**Exercise objective**
In the entries below, which lines run from the one with "Sometimes the value" through the one with "I did just that"? Repeat exactly those, both included, and no pictures.

[[ Records open ]]

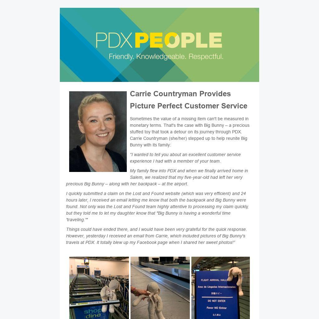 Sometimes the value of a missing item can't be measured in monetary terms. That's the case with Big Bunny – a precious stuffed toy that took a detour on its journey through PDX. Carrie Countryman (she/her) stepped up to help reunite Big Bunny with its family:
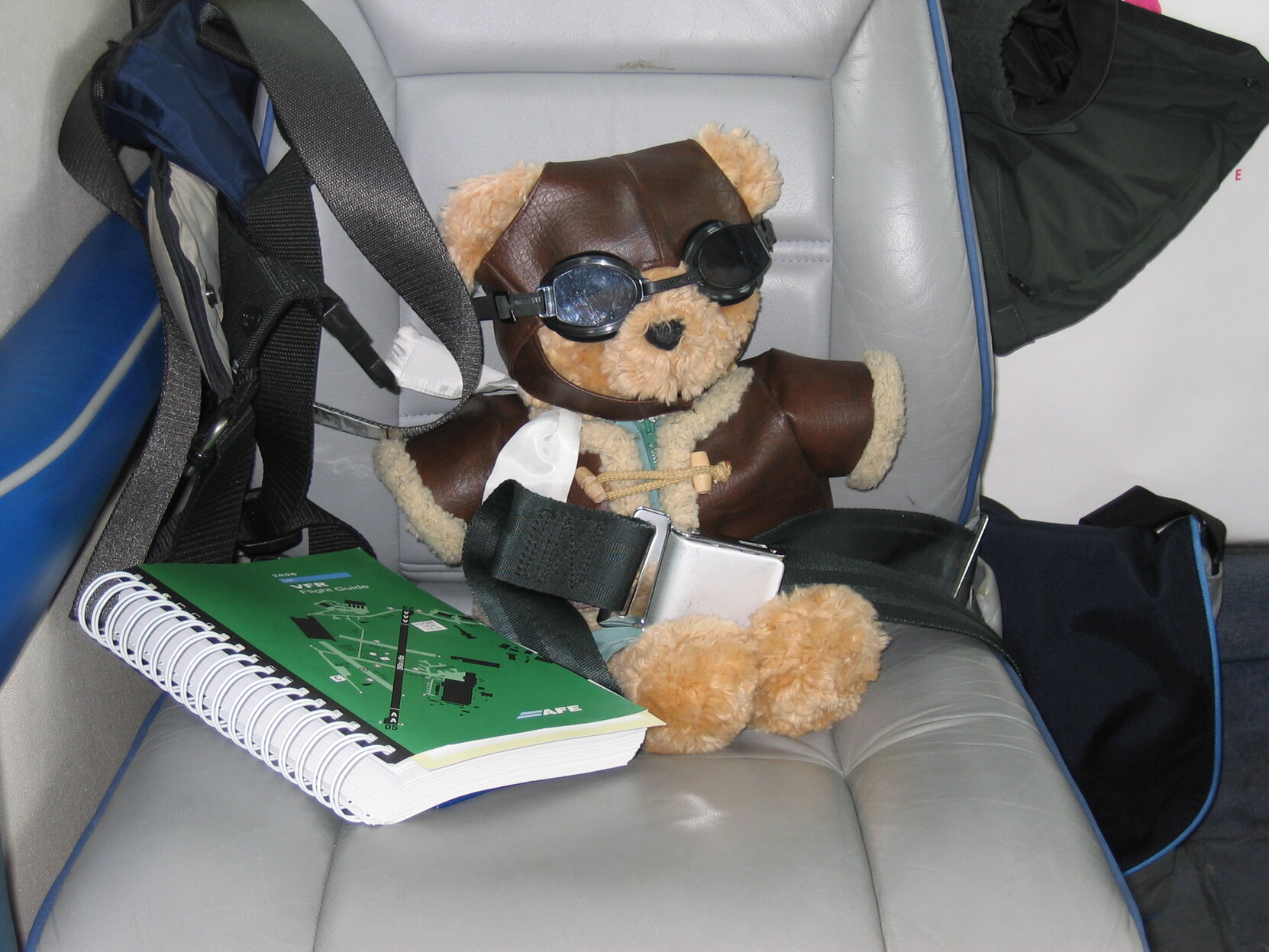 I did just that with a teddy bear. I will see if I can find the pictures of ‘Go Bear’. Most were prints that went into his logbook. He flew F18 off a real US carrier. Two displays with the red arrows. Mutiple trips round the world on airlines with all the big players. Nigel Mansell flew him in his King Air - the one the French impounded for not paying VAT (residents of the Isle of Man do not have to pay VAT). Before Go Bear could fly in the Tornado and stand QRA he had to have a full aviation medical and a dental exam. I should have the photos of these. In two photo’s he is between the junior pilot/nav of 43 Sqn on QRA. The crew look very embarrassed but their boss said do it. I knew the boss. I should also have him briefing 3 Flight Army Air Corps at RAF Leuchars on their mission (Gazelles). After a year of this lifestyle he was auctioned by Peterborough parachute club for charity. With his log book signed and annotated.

[[ Records closed ]]
[[ Records open ]]

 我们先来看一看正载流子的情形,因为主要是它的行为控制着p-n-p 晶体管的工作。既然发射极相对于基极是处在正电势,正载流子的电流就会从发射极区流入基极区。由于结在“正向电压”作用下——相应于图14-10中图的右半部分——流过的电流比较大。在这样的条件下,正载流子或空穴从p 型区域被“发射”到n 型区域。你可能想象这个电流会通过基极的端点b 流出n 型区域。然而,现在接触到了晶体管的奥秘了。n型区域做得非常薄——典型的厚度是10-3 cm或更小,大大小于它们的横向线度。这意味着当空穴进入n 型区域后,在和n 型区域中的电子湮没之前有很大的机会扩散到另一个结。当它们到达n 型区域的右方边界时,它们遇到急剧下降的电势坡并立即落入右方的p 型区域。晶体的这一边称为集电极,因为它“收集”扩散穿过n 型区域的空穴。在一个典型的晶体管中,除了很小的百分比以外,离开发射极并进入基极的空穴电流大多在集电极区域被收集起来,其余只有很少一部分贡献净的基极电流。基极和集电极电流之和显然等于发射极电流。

[[ Records closed ]]

**Finished task**
 Sometimes the value of a missing item can't be measured in monetary terms. That's the case with Big Bunny – a precious stuffed toy that took a detour on its journey through PDX. Carrie Countryman (she/her) stepped up to help reunite Big Bunny with its family:
 I did just that with a teddy bear. I will see if I can find the pictures of ‘Go Bear’. Most were prints that went into his logbook. He flew F18 off a real US carrier. Two displays with the red arrows. Mutiple trips round the world on airlines with all the big players. Nigel Mansell flew him in his King Air - the one the French impounded for not paying VAT (residents of the Isle of Man do not have to pay VAT). Before Go Bear could fly in the Tornado and stand QRA he had to have a full aviation medical and a dental exam. I should have the photos of these. In two photo’s he is between the junior pilot/nav of 43 Sqn on QRA. The crew look very embarrassed but their boss said do it. I knew the boss. I should also have him briefing 3 Flight Army Air Corps at RAF Leuchars on their mission (Gazelles). After a year of this lifestyle he was auctioned by Peterborough parachute club for charity. With his log book signed and annotated.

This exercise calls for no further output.